(1) Electronic configuration:
\(\begin{aligned}
&\mathrm{O} \text { (At. no. =8) }=[\mathrm{He}] 2 s^2 2 p^4 \\
&\mathrm{~S}(\text { At. no. }=16)=[\mathrm{Ne}] 3 s^2 3 p^4 \\
&\mathrm{Se}(\text { At. no. }=34)=[\mathrm{Ar}] 3 d^{10} 4 s^2 4 p^4 \\
&\text { Te (At. no. }=52)=[\mathrm{Kr}] 4 d^{10} 5 s^2 5 p^4 \\
&\mathrm{Po} \text { (At. no. }=84)=[\mathrm{Xe}] 4 f^{14} 5 d^{10} 6 s^2 6 p^4
\end{aligned}\)
Thus, all these elements have the same \(n s^2 n p^4\) ( \(n=2\) to 6 ) valence shell electronic configuration, hence are justified to be placed in group 16 of the Periodic Table.
(2) Oxidation state : Two more electrons are needed to acquire the nearest noble gas configuration.
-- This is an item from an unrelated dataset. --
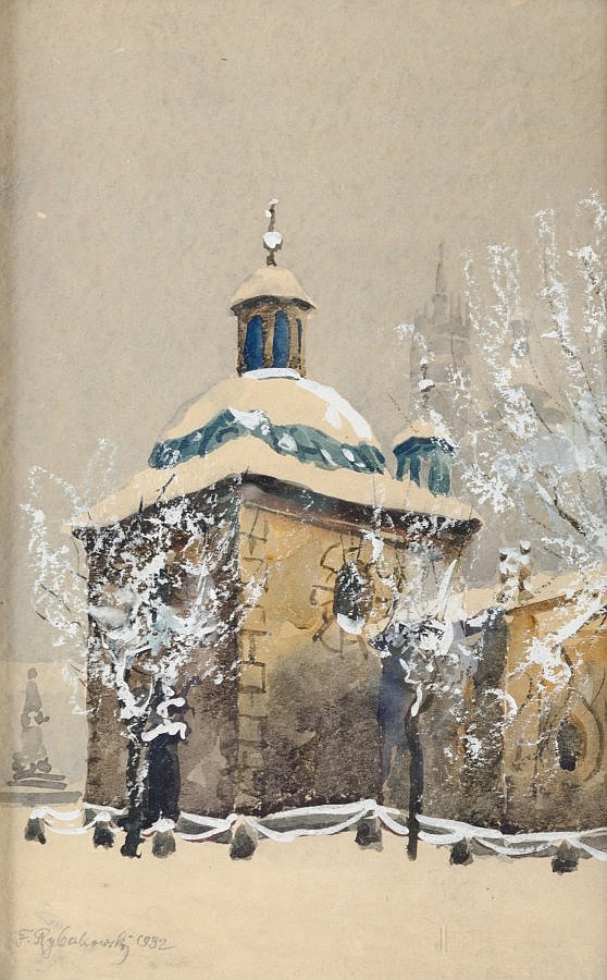 Franciszek Rybakowski był krakowskim artystą, którego twórczość przypadła na okres dwudziestolecia międzywojennego. Malarz wykorzystywał najczęściej technikę akwareli, malował tematy związane z Krakowem, głównie architekturę tego miasta (np. widoki Wawelu, Rynku czy kościoła św. Barbary). Franciszek Rybakowski często ukazywał Kraków zimą. Elementem charakterystycznym prac artysty są świetliste, białe bliki.

Thus, the minimum oxidation state of these elements should be \(-2\).
\(\mathrm{O}\) and to some extent \(\mathrm{S}\) show \(-2\) oxidation state. Other element being more electropositive than \(\mathrm{O}\) and \(\mathrm{S}\), do not show negative oxidation state. As these contain six electrons, thus, maximum oxidation state shown by them is \(+6\). Other oxidation state shown by them are \(+2\) and \(+4\). O do not show \(+4\) and \(+6\) oxidation state, due to the absence of d-orbitals.
Thus, on the basis of maximum and minimum oxidation states, these elements are justified to be placed in the same group 16 of the periodic table.
(3) Hydride formation: All these elements share two of their valence electrons with \(1 s-\) orbital of hydrogen to form hydrides of the general formula \(\mathrm{EH}_2\), i.e., \(\mathrm{H}_2 \mathrm{O}\), \(\mathrm{H}_2 \mathrm{~S}, \mathrm{H}_2 \mathrm{Se}, \mathrm{H}_2\) Te and \(\mathrm{H}_2 \mathrm{Po}\). Thus, on the basis of hydride formation, these elements are justified to be placed in the same group 16 of the Periodic Table.